Assignment =
Word for word, restate the lines from the top of the records below through the line with "Fröhlich aufgestellt für", both included, with no pictures in the result.

(Stored data entries)

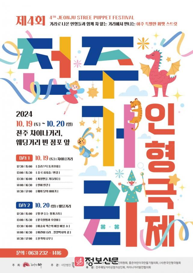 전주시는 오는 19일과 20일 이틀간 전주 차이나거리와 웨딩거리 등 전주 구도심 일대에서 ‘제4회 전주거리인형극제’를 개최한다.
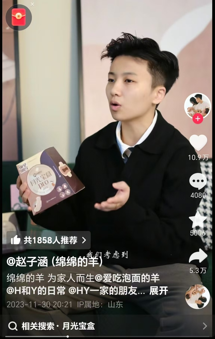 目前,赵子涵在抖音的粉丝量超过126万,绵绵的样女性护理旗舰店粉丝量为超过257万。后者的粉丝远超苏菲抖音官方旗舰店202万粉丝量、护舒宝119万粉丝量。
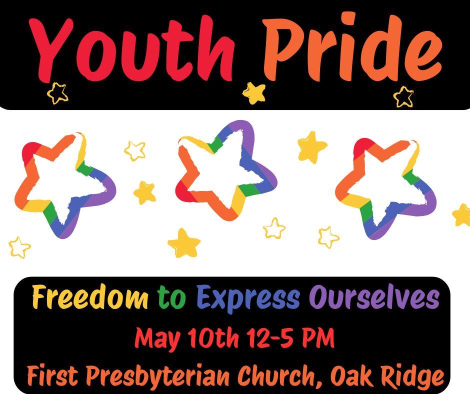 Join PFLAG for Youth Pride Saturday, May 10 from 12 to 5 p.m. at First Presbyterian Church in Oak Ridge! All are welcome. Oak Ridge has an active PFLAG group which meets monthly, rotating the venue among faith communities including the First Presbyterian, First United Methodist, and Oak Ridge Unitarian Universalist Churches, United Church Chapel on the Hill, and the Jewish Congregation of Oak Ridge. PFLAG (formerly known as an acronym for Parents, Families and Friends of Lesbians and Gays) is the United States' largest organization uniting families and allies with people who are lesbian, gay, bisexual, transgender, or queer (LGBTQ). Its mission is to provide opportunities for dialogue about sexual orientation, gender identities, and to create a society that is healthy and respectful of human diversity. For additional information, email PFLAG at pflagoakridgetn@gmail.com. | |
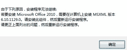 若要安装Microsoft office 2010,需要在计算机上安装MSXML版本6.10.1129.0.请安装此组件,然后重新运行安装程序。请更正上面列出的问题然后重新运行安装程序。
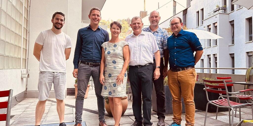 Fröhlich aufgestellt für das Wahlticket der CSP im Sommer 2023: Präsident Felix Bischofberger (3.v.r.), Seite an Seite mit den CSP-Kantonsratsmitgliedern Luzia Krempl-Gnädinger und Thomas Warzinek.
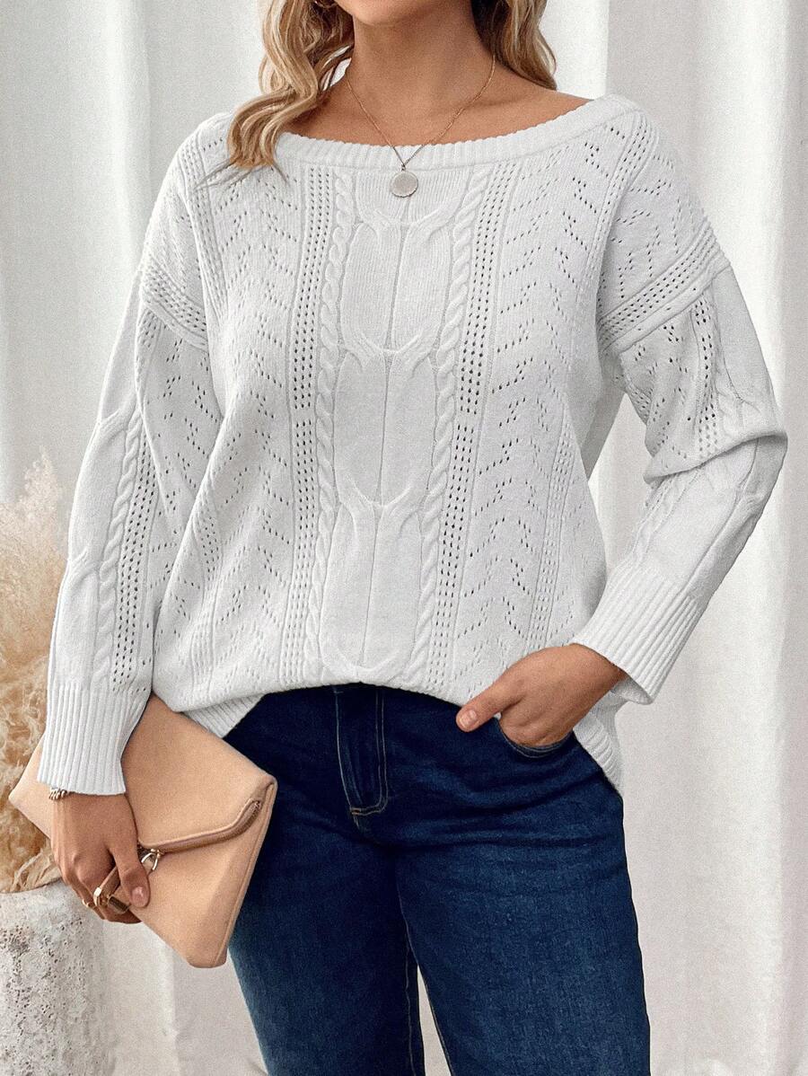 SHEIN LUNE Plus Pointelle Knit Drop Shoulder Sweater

Task output =
 전주시는 오는 19일과 20일 이틀간 전주 차이나거리와 웨딩거리 등 전주 구도심 일대에서 ‘제4회 전주거리인형극제’를 개최한다.
 目前,赵子涵在抖音的粉丝量超过126万,绵绵的样女性护理旗舰店粉丝量为超过257万。后者的粉丝远超苏菲抖音官方旗舰店202万粉丝量、护舒宝119万粉丝量。
 Join PFLAG for Youth Pride Saturday, May 10 from 12 to 5 p.m. at First Presbyterian Church in Oak Ridge! All are welcome. Oak Ridge has an active PFLAG group which meets monthly, rotating the venue among faith communities including the First Presbyterian, First United Methodist, and Oak Ridge Unitarian Universalist Churches, United Church Chapel on the Hill, and the Jewish Congregation of Oak Ridge. PFLAG (formerly known as an acronym for Parents, Families and Friends of Lesbians and Gays) is the United States' largest organization uniting families and allies with people who are lesbian, gay, bisexual, transgender, or queer (LGBTQ). Its mission is to provide opportunities for dialogue about sexual orientation, gender identities, and to create a society that is healthy and respectful of human diversity. For additional information, email PFLAG at pflagoakridgetn@gmail.com. | |
 若要安装Microsoft office 2010,需要在计算机上安装MSXML版本6.10.1129.0.请安装此组件,然后重新运行安装程序。请更正上面列出的问题然后重新运行安装程序。
 Fröhlich aufgestellt für das Wahlticket der CSP im Sommer 2023: Präsident Felix Bischofberger (3.v.r.), Seite an Seite mit den CSP-Kantonsratsmitgliedern Luzia Krempl-Gnädinger und Thomas Warzinek.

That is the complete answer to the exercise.